REQUIRED WORK: Go to the line below containing "Directionless Nightmare, mixed" and print exactly from there through the line containing "Duża, nubukowa TOTE", both included. Print nothing else.

DATA EXTRACTS:
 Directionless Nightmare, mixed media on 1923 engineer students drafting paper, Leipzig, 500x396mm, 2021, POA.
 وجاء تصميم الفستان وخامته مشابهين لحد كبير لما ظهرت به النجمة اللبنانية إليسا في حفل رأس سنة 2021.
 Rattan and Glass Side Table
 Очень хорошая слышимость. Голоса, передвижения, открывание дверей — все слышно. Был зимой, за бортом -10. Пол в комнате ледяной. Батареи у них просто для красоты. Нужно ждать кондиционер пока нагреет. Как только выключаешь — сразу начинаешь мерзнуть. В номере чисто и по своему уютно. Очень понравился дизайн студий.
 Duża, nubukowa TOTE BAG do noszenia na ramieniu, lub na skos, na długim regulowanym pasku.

---

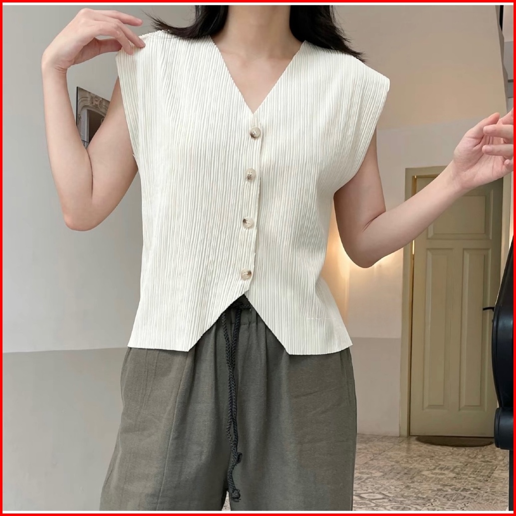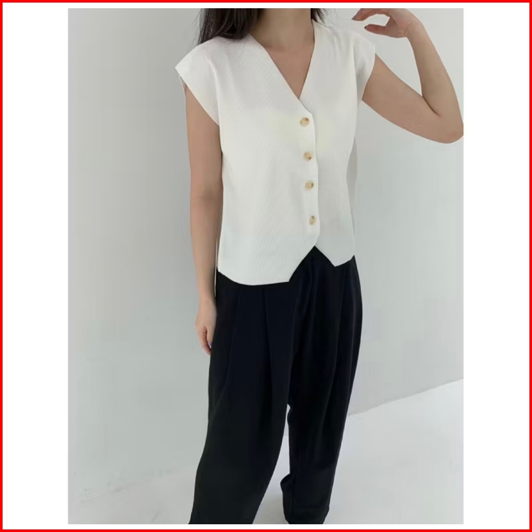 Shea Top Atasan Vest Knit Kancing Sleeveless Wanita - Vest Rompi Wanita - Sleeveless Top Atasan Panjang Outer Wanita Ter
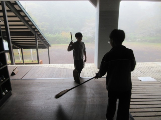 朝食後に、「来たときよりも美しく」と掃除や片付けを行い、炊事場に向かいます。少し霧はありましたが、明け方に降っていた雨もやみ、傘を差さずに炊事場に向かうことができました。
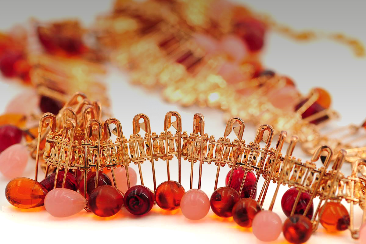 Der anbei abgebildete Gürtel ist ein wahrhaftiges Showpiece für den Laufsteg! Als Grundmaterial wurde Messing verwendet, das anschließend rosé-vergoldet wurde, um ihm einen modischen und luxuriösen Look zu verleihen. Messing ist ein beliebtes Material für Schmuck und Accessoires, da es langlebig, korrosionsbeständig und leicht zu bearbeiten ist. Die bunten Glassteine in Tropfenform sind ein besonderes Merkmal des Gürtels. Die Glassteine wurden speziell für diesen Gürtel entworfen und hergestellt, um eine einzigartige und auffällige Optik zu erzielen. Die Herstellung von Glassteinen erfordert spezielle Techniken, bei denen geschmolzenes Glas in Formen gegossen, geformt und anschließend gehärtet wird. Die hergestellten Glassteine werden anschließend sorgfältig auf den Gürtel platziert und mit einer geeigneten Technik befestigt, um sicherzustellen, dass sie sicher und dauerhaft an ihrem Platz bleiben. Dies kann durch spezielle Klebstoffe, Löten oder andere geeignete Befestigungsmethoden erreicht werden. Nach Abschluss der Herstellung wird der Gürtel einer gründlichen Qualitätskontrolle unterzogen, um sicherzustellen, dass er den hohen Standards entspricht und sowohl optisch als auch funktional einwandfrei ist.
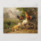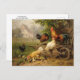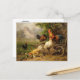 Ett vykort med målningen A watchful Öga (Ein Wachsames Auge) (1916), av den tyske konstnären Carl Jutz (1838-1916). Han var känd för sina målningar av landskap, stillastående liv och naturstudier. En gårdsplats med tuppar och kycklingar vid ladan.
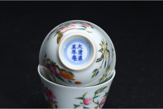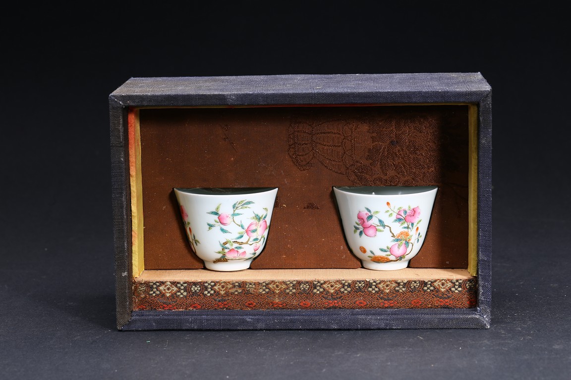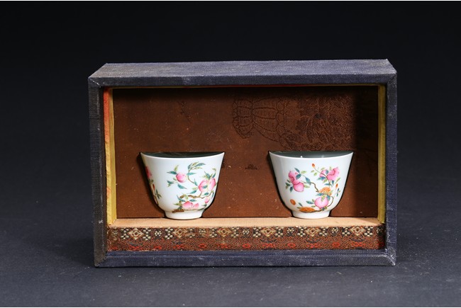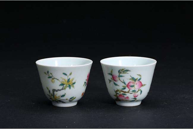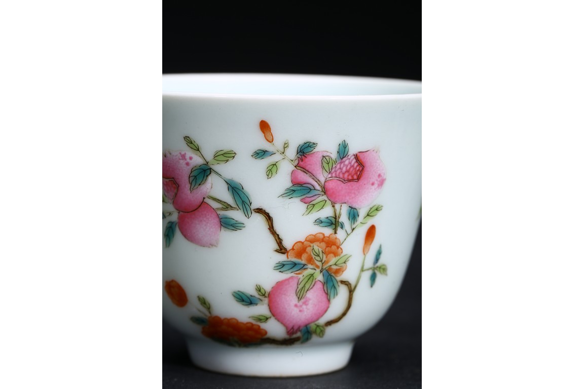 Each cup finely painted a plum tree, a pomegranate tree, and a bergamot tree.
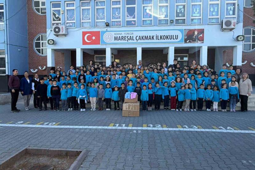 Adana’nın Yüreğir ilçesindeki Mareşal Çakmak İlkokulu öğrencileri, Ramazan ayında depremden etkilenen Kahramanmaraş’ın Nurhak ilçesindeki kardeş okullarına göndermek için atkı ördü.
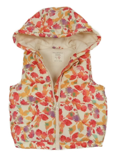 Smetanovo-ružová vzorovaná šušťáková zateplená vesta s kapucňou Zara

...

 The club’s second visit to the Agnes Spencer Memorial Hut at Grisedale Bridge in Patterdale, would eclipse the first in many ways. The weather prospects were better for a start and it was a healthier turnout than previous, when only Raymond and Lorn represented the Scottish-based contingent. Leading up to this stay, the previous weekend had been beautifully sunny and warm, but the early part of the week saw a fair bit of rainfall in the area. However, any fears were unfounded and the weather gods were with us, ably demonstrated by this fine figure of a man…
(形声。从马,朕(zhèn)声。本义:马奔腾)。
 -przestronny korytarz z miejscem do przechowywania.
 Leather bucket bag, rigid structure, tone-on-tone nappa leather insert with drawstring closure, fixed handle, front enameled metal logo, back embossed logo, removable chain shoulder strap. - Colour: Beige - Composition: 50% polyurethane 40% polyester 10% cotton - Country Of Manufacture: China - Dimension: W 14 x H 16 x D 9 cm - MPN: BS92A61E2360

ANSWER BOX:
 Directionless Nightmare, mixed media on 1923 engineer students drafting paper, Leipzig, 500x396mm, 2021, POA.
 وجاء تصميم الفستان وخامته مشابهين لحد كبير لما ظهرت به النجمة اللبنانية إليسا في حفل رأس سنة 2021.
 Rattan and Glass Side Table
 Очень хорошая слышимость. Голоса, передвижения, открывание дверей — все слышно. Был зимой, за бортом -10. Пол в комнате ледяной. Батареи у них просто для красоты. Нужно ждать кондиционер пока нагреет. Как только выключаешь — сразу начинаешь мерзнуть. В номере чисто и по своему уютно. Очень понравился дизайн студий.
 Duża, nubukowa TOTE BAG do noszenia na ramieniu, lub na skos, na długim regulowanym pasku.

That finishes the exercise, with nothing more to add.